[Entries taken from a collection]
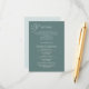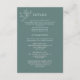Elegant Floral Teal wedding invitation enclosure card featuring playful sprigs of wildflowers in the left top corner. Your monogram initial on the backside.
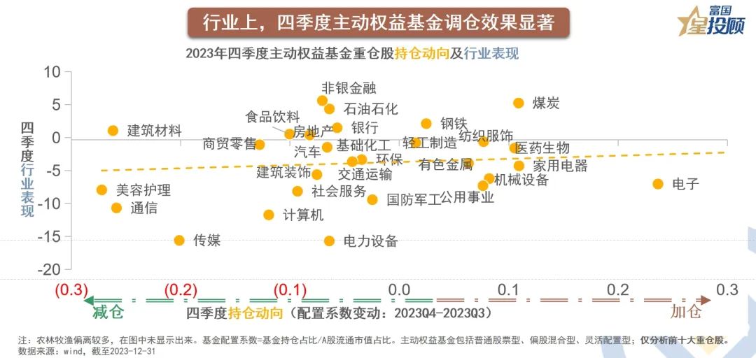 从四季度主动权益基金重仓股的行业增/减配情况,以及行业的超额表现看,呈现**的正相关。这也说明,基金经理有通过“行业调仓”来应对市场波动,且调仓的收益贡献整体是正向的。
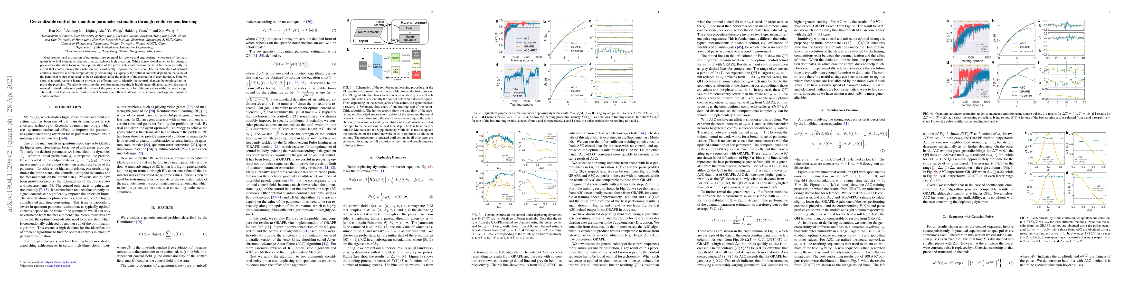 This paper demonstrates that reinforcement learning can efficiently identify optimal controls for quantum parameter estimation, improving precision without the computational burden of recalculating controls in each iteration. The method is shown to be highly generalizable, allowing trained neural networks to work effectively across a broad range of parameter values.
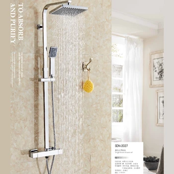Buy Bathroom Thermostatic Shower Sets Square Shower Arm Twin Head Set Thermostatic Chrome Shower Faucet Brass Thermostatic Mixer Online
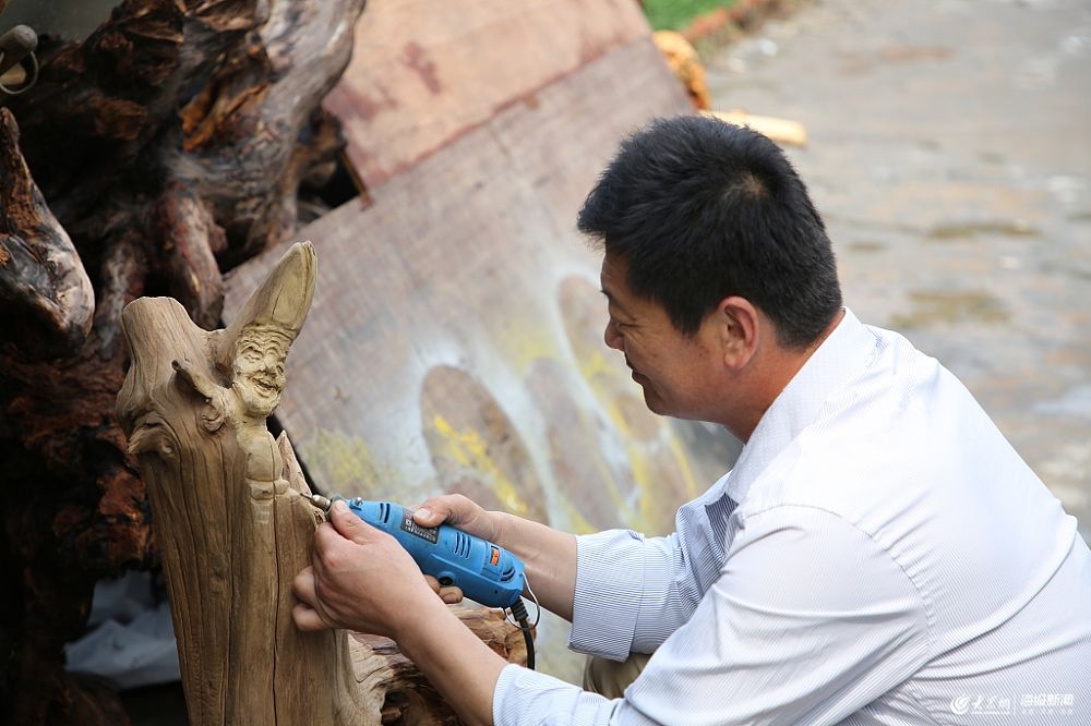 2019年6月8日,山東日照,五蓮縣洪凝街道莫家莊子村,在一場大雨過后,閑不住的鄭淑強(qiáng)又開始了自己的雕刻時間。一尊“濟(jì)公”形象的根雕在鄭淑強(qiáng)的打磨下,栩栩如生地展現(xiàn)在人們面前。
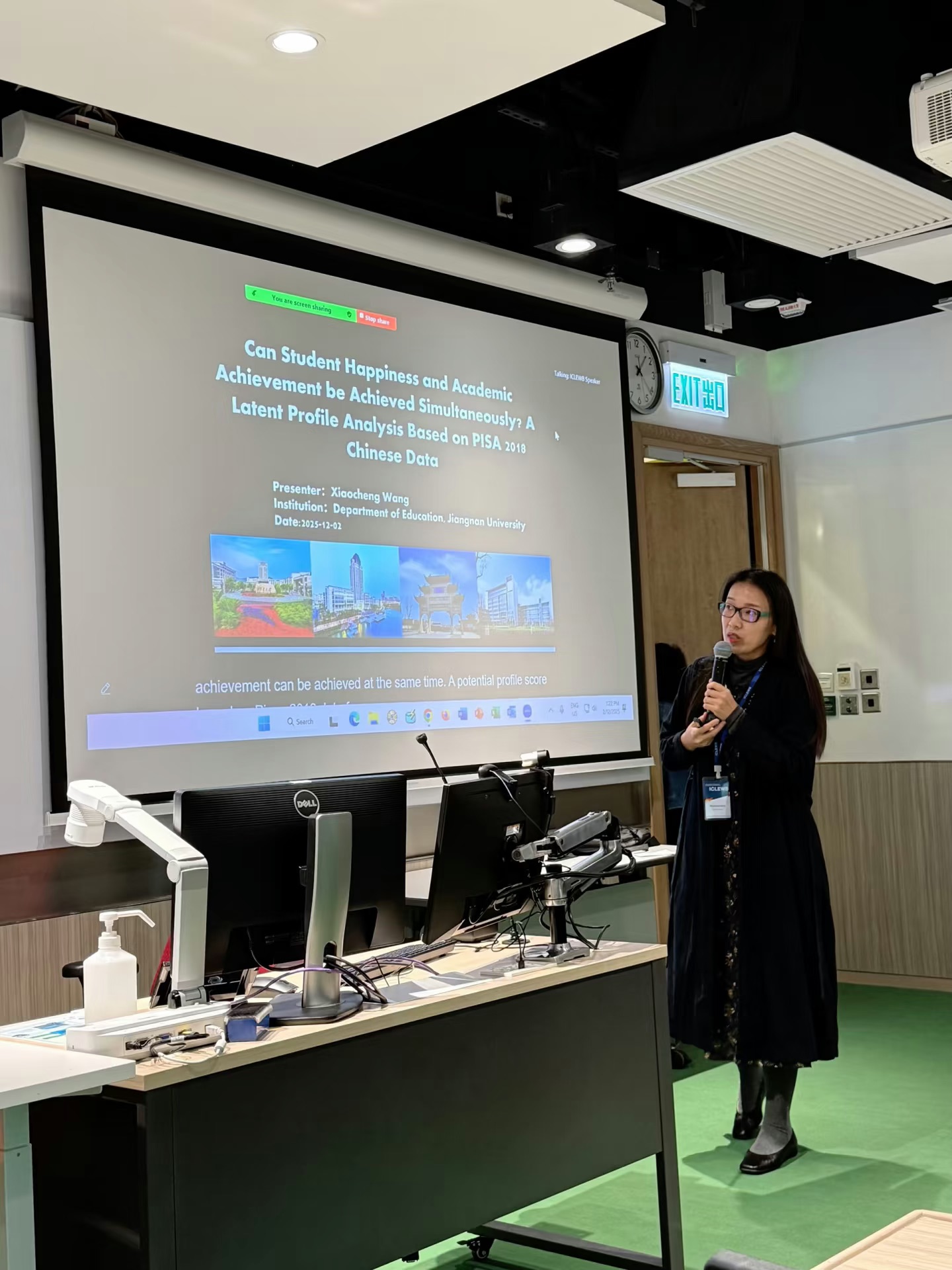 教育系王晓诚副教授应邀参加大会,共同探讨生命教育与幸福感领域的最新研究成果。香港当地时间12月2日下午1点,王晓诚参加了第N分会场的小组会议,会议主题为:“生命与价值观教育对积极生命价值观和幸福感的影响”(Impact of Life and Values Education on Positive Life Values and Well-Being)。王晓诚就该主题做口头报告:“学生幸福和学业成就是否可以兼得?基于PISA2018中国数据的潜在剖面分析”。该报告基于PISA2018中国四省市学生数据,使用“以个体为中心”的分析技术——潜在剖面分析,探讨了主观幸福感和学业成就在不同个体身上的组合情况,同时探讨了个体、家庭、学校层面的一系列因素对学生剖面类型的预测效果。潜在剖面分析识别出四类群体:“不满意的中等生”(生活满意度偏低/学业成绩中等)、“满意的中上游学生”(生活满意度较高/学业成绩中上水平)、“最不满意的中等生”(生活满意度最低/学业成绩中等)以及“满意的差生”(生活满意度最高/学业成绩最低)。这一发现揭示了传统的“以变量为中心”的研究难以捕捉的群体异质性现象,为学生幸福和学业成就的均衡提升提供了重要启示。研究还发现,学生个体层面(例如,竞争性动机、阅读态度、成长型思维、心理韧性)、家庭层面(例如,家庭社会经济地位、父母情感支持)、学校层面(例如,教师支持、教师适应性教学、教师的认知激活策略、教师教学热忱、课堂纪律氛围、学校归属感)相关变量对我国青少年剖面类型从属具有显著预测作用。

▸ **INSTRUCTIONS TO FOLLOW**:
Exact repetition is the task: every line from the start of the data to the line with "2019年6月8日,山東日照", inclusive, and none after it, pictures omitted.

▸ **COMPLETED EXERCISE**:
Elegant Floral Teal wedding invitation enclosure card featuring playful sprigs of wildflowers in the left top corner. Your monogram initial on the backside.
 从四季度主动权益基金重仓股的行业增/减配情况,以及行业的超额表现看,呈现**的正相关。这也说明,基金经理有通过“行业调仓”来应对市场波动,且调仓的收益贡献整体是正向的。
 This paper demonstrates that reinforcement learning can efficiently identify optimal controls for quantum parameter estimation, improving precision without the computational burden of recalculating controls in each iteration. The method is shown to be highly generalizable, allowing trained neural networks to work effectively across a broad range of parameter values.
Buy Bathroom Thermostatic Shower Sets Square Shower Arm Twin Head Set Thermostatic Chrome Shower Faucet Brass Thermostatic Mixer Online
 2019年6月8日,山東日照,五蓮縣洪凝街道莫家莊子村,在一場大雨過后,閑不住的鄭淑強(qiáng)又開始了自己的雕刻時間。一尊“濟(jì)公”形象的根雕在鄭淑強(qiáng)的打磨下,栩栩如生地展現(xiàn)在人們面前。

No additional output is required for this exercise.